My first experience of sailing a Mirror dinghy was not a good example of how to sail.
For £400 I became the proud owner of a brand new Mirror dinghy, made for me in Cork, a shining blue hull, lovely woodwork and crisp new sails, which crackled as the wind on the Sand Quay in Monkstown introduced them to the natural power that would move the new boat across Cork Harbour.
I negotiated the launching trolley down the slipway and she was bobbing in the water for the first time, ready to go. Monkstown Bay Sailing Club dinghy sailors, coming ashore from their Saturday morning league race, advised me that it was “brisk” in the Bay, where my previous sailing had been a club adult course in National 18s and crewing, prior to purchasing my first maritime steed.
My crew was my young son, Pat, adhering to his father’s wishes as youngsters do until they more sense and doubt the ability of the parent.

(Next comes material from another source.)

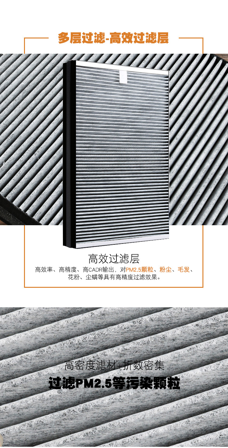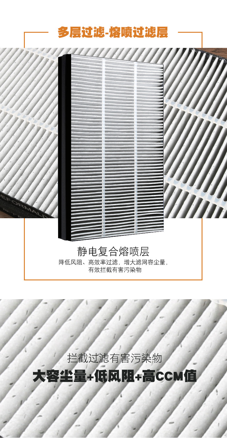 多效合一复合滤网,过滤雾霾、甲醛、苯等污染物。
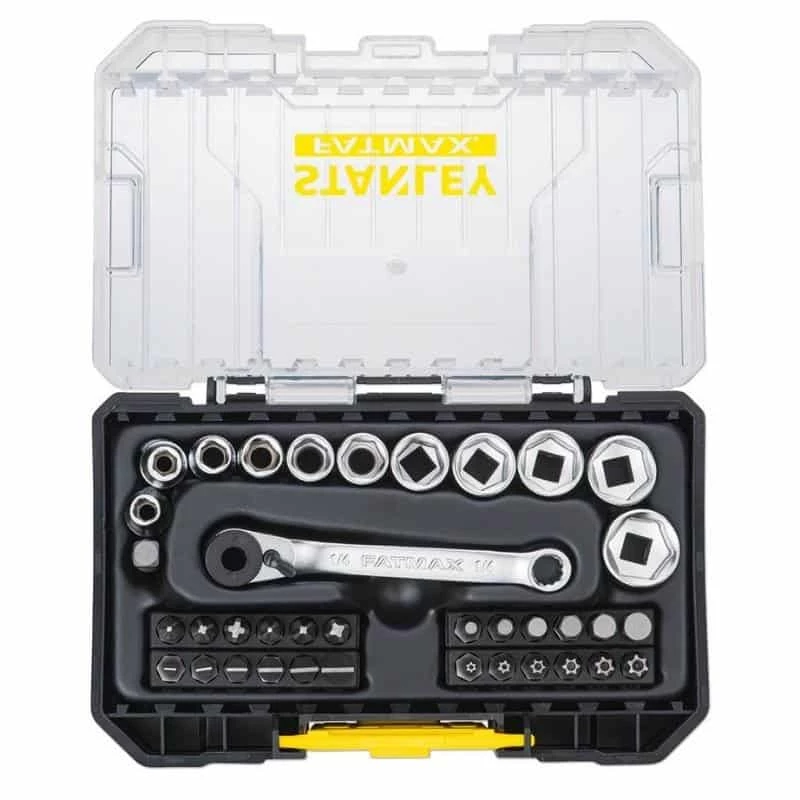 Les douilles 1/4’’ FATMAX ont 6 pans, un moletage (X-KNURL), un corps décolleté et un profil maxidrive. Un profil maxidrive signifie que le couple de serrage est transmis sur les flancs de l’écrou et non sur les arêtes.

We boarded and were off….A bit more quickly than I expected, as the strong wind coupled with the brand new sails in the power of Nature and within a short time my new Mirror was heading for an immoveable force – the Stand Road wall bounding the riverside in Monkstown.
Unfazed – at that stage – I leant out to balance the boat, but that natural power was stronger than human resource and there was a loud pop, followed by a second even louder as toe straps pulled out of the floor and, within seconds my lovely new Mirror had capsized and we were in the water --- wearing buoyancy aids, so swam around to the keel to get onto it and right the boat, only to find that tit was a bit of a distance above my head…..!!! Contemplating how to push Pat onto it, rescue arrived in the Monkstown Club’s rescue boat.
Wet and morale in shreds, we were helped to right the boat and towed ashore…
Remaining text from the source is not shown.